Information Required in the Registration Statement

Item 3. Incorporation of Documents by Reference

The Registrant hereby incorporates by reference into this Registration Statement the Prior Form S-8 and the following documents previously filed with the SEC:

(a) the Registrant’s Annual Report on Form 10-K for the year ended December 31, 2024, filed with the SEC on February 25, 2025;
(b) the Registrant's Current Report on Form 8-K filed with the SEC on January 21 , 2024 , February 6, 2025 , February 18, 2025 and February 19, 2025 ; and
(c) the description of the Registrant’s common stock contained in the Registrant’s Registration Statement on Form 8-A (File No. 001-38419 ), filed with the SEC on March 9, 2018, including any amendments or reports filed for the purpose of updating such description, including Exhibit 4.2 to the Registrant’s Annual Report on Form 10-K filed with the SEC on February 21, 2021.

All other reports and documents filed by the Registrant pursuant to Section 13(a), 13(c), 14 or 15(d) of the Securities Exchange Act of 1934, as amended (the “Exchange Act”) subsequent to the filing of this Registration Statement and prior to the filing of a post-effective amendment which indicates that all securities offered hereby have been sold or which de-registers all securities then remaining unsold shall be deemed to be incorporated by reference into this Registration Statement and to be a part hereof from the date of filing of such documents. The Registrant is not, however, incorporating any documents or information that the Registrant is deemed to furnish and not file in accordance with SEC rules. Any statement contained in a document incorporated or deemed incorporated by reference in this Registration Statement will be deemed modified or superseded for purposes of this Registration Statement to the extent that a statement contained in any subsequently filed document that also is deemed incorporated by reference in this Registration Statement modifies or supersedes that statement.

Item 8. Exhibits

Exhibit Number Description Incorporated by Reference — Form File No.

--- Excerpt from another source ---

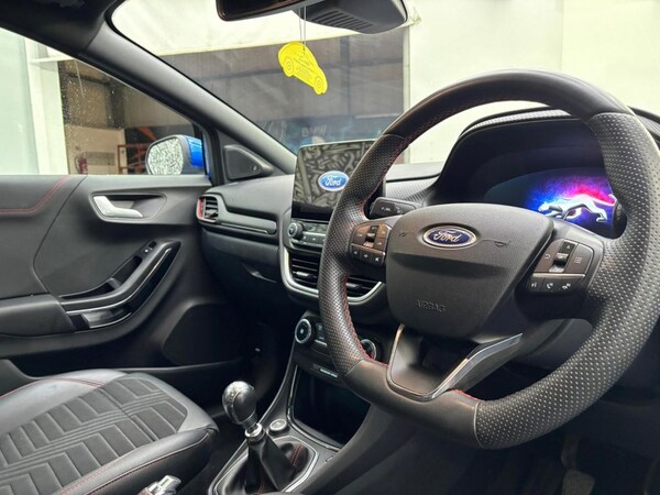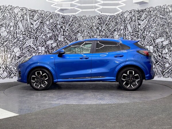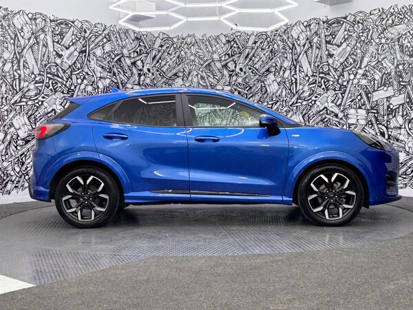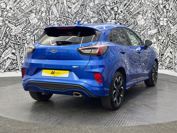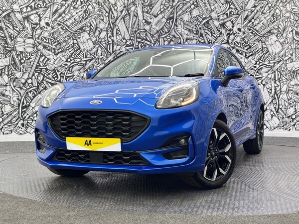 With only 19759 miles on the clock, this 2022 Ford Puma ST-Line X is barely broken in. The Puma, with its 1.0L petrol engine, combines sporty styling with everyday practicality. The ST-Line X trim adds a touch of flair and enhanced features to the already appealing Puma package. Stay connected on the move with Ford SYNC 3 Navigation, offering seamless smartphone integration via Android Auto and Apple CarPlay, as well as Bluetooth connectivity. Enjoy a premium audio experience with the B&O sound system. This Puma also boasts several features designed for convenience and ease of use. Rear parking sensors, including parking assistance, make maneuvering simple. The wireless charging pad and electronic air temperature control, which includes climate control, add a touch of modern convenience. With a fuel economy of 52 mpg, this Puma is more efficient than similar vehicles. It also benefits from low CO2 emissions, making it a responsible choice for the environmentally conscious driver. The MOT is valid until January 2026. Welcome to MotorTrustUK, where exceptional standards and customer satisfaction are at the forefront of our service. All of our retail vehicles undergo a rigorous 128-point mechanical inspection, independently carried out by a qualified AA technician, to ensure the highest level of reliability and safety. Should any vehicle have less than six months remaining on its MOT or be due a service, these requirements will be addressed prior to delivery. For added reassurance, we include a complimentary nationwide warranty with all qualifying vehicles. With approximately 1,500 vehicles currently in group stock, a number that continues to grow, we are pleased to offer part exchange services, accept all major credit and debit cards, and provide flexible finance options, including HP, PCP, and subprime solutions. Nationwide delivery can also be arranged by quotation. While every effort is made to ensure accuracy in vehicle specifications and descriptions, details may vary; we encourage all customers to speak with a member of our sales team to confirm key information such as MPG figures, available keys, or any factory modifications. To ensure smooth processing and support, an administrative fee is applied to all completed sales. We look forward to assisting you in finding your next vehicle with confidence at MotorTrustUK. .18in Alloy Wheels - 5-Spoke - Matt Black Machined Finish, ABS - Anti-lock Braking System, Acoustic Laminated Windscreen, Active Grille Shutter, Automatic Dimming Rear View Mirror, Automatic Headlights with Rain-Sensing Wipers and Auto High Beam, B&O Premium Audio System and Ford SYNC 3 Navigation, Carbon-Look Interior Deco Spears, Centre Console with Armrest - Stowage, Courtesy Lights - Ambient LED Courtesy Lighting - Single Colour, Cruise Control - Lane Keeping Aid and Lane Departure Warning, Driver Impairment Monitor, Driver and Passenger Seat Lumbar and Height Adjustment, ESC - Electronic Stability Control and Hill Start Assist, Electric Windows - Front and Rear, Electronic Air Temperature Control - EATC, Emergency Brake Warning - Automatic Hazard Warning Lights, First Aid Kit Strap, Floor Mats - Front and Rear, Ford Easy Fuel System, Ford MegaBox Extended Bootspace, Ford Power Starter Button, Front Bumper - Unique ST-Line Sport Design - Body Colour, Front Fog Lights with Cornering lights and LED Rear Lamps, Front Seats - Sports Style, Full Digital 12.3in Instrument Cluster, Gearshift Knob - Soft Feel with Red Stitching, Headliner - Deluxe, Instrument Panel - High Level, Intelligent Speed Assistance, Large Rear Spoiler - Body Colour with Centre High Mounted Stop Light, Locking Wheel Nuts, Lower Bodyside Moulding - Body Colour, Post Collision Braking, Power Steering, Power-Foldable Heated Door Mirrors with Puddle Lamps, Pre-Collision Assist with Autonomous Emergency Braking and Pedestrian-Cyclist Detection, Privacy Glass, Projector Headlamps with LED Daytime Running Lights, Puma Badge, Quickclear Heated Windscreen, Rear Bumper Body Colour - Diffuser, Rear Parking Sensors, Rear Seats - 2-Way Head Restraint Up-Down, Rear Seats - Second Row 60-40 Folding Seats, Remote Central-Double Locking, Restrain Device Pack, ST-Line Badge, ST-Line Body Styling Kit, ST-Lined Flat-Bottomed Premium Sensico Steering Wheel - Handbrake and Aluminium Gear Knob, Selectable Driving Modes - Normal - Eco - Sport - Slippery and Trail, Speed Limiter, Speed Sign Recognition, Sports Suspension, Stainless Steel Pedal Covers with Rubber Inserts, Thatcham Alarm, Trip-Fuel Computer, Tyre Inflation Kit, Tyre Pressure Monitoring System - TPMS, Wireless Charging, Wireless Charging Pad with Electronic Air Temperature Control EATC, Desert Island Blue, Partial Premium Sensico - Black with Red Stitching

Exhibit Filing Date Filed Herewith
4.1 Amended and Restated Certificate of Incorporation of Registrant. 10-Q 001-38419 3.1 5/9/2018
4.2 Amended and Restated Bylaws of Registrant. 8-K 001-38419 3.1 5/26/2020
5.1 Opinion of Latham & Watkins LLP . X
23.1 Consent of Independent Registered Public Accounting Firm. X
23.2 Consent of Latham & Wa t kins LLP (contained in Exhibit 5.1). X
24.1 Power of Attorney (contained in the signature page hereto). X
99.1 Arcus Biosciences, Inc. 2018 Equity Incentive Plan. S-1/A 333-223086 10.3 3/5/2018
99.2 Form of Stock Option Notice and Agreement under 2018 Equity Incentive Plan . 10-K 001-38419 10.36 2/25/2021
99.3 Form of RSU Notice and Agreement under 2018 Equity Incentive Plan . 10-K 001-38419 10.37 2/25/2021
99.4 Arcus Biosciences, Inc. 2018 Employee Stock Purchase Plan. S-1/A 333-223086 10.4 3/5/2018
107 Filing Fee Table. X

SIGNATURES

Pursuant to the requirements of the Securities Act of 1933, the Registrant certifies that it has reasonable grounds to believe that it meets all of the requirements for filing on Form S-8 and has duly caused this Registration Statement to be signed on its behalf by the undersigned, thereunto duly authorized, in the City of Hayward, State of California on this 25th day of February, 2025.

ARCUS BIOSCIENCES, INC.
By: /s/ Terry Rosen
Terry Rosen, Ph.D. Chief Executive Officer

POWER OF ATTORNEY

KNOW ALL PERSONS BY THESE PRESENTS that each person whose signature appears below constitutes and appoints Terry Rosen, Ph.D. and Robert C. Goeltz II and each of them, his or her true and lawful attorneys-in-fact and agents, each with full power of substitution and resubstitution, for him or her and in his or her name, place and stead, in any and all capacities, to sign any and all amendments, including post-effective amendments, to this registration statement, and to file the same, with exhibits thereto and other documents in connection therewith, with the Securities and Exchange Commission, granting unto said attorneys-in-fact and agents, and each of them, full power and authority to do and perform each and every act and thing requisite and necessary to be done, as fully to all intents and purposes as he or she might or could do in person, hereby ratifying and confirming all that each of said attorney-in-fact and agents or their substitute or substitutes may lawfully do or cause to be done by virtue hereof.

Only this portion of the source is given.